EXERCISE INSTRUCTIONS → Please return all lines from the records below that include the string "with".

RAW DATA →

----

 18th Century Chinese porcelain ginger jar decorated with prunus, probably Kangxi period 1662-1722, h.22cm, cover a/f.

----

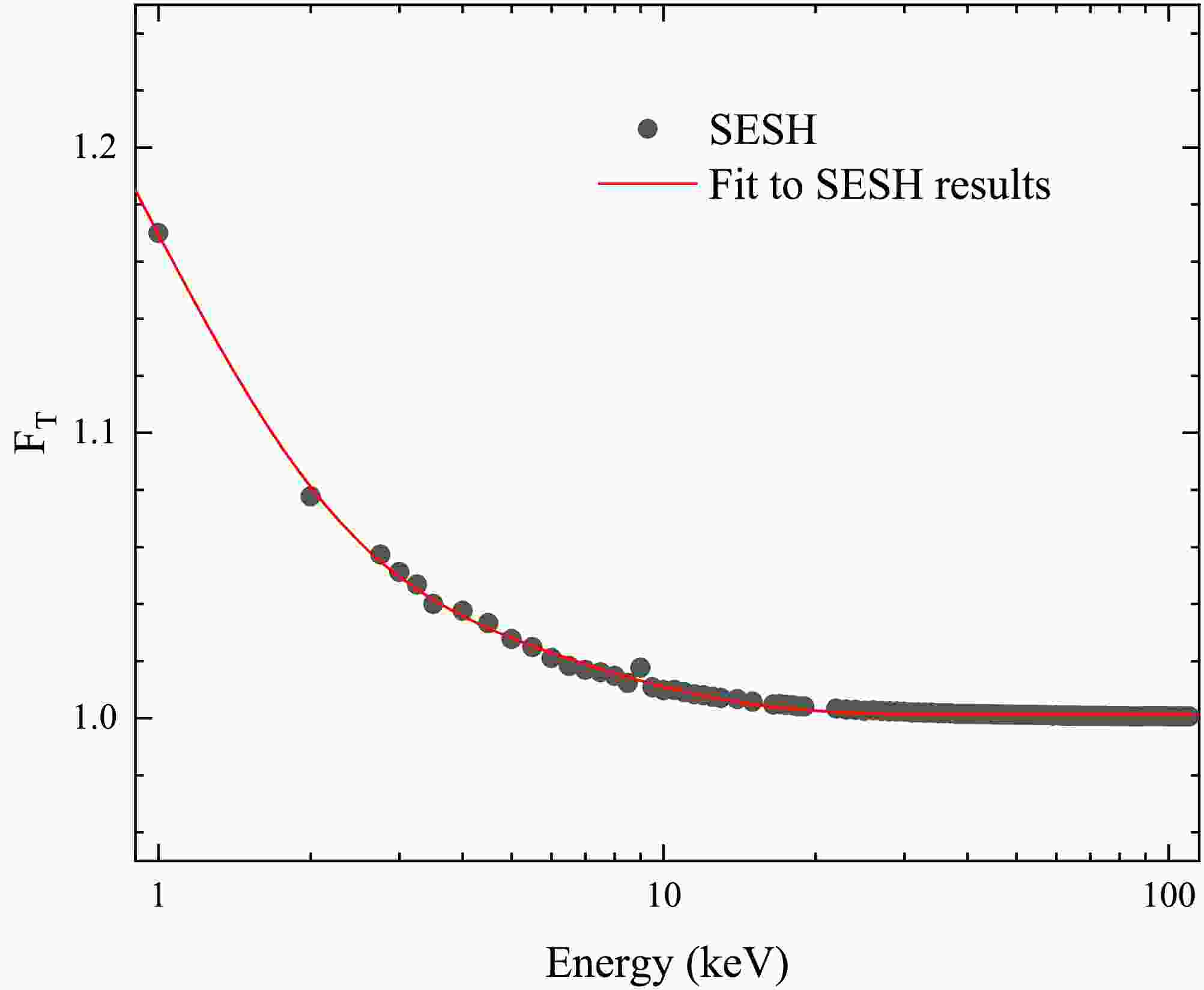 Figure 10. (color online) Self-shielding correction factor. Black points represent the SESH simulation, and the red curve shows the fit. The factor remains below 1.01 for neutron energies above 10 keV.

----

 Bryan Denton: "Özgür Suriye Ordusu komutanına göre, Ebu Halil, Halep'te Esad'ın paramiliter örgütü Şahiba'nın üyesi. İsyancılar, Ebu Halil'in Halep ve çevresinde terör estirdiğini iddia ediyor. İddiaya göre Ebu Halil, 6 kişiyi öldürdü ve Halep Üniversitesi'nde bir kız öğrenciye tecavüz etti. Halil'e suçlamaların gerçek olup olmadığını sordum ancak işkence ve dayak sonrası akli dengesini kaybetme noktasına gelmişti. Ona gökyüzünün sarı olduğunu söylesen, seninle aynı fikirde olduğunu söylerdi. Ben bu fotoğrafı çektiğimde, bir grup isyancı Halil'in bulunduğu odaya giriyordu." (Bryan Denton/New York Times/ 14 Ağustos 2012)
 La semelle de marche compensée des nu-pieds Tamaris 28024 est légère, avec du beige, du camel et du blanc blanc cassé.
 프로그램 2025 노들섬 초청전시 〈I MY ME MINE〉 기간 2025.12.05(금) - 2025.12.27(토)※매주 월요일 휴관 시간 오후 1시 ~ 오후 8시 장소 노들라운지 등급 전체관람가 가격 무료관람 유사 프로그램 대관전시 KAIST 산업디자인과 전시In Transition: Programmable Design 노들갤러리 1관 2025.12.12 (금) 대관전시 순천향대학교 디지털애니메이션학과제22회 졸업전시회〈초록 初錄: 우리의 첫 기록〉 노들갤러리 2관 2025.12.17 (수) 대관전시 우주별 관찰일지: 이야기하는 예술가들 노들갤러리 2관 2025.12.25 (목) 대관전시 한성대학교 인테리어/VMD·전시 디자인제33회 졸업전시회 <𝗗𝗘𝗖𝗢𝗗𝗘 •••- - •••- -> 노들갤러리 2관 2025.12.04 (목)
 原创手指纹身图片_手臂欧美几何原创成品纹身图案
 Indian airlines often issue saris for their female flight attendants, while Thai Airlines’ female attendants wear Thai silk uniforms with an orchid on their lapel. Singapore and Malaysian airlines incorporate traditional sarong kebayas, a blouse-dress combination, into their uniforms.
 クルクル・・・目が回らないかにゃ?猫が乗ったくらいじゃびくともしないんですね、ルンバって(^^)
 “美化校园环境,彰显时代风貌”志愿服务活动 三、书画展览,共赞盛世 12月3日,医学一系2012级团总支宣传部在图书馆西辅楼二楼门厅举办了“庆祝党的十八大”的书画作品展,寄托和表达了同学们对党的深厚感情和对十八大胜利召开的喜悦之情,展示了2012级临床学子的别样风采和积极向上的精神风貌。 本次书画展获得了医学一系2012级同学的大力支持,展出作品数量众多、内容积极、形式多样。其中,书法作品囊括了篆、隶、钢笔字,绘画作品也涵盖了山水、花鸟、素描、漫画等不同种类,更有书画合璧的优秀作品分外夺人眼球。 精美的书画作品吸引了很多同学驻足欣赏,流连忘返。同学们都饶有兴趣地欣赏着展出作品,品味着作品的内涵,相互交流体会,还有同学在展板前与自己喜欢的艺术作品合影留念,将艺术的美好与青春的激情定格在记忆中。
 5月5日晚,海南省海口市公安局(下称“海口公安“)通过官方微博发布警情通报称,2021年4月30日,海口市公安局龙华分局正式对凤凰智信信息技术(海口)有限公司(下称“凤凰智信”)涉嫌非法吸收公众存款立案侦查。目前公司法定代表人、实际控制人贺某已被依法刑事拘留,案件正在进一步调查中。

----

SOLVED EXERCISE →
 18th Century Chinese porcelain ginger jar decorated with prunus, probably Kangxi period 1662-1722, h.22cm, cover a/f.
 Indian airlines often issue saris for their female flight attendants, while Thai Airlines’ female attendants wear Thai silk uniforms with an orchid on their lapel. Singapore and Malaysian airlines incorporate traditional sarong kebayas, a blouse-dress combination, into their uniforms.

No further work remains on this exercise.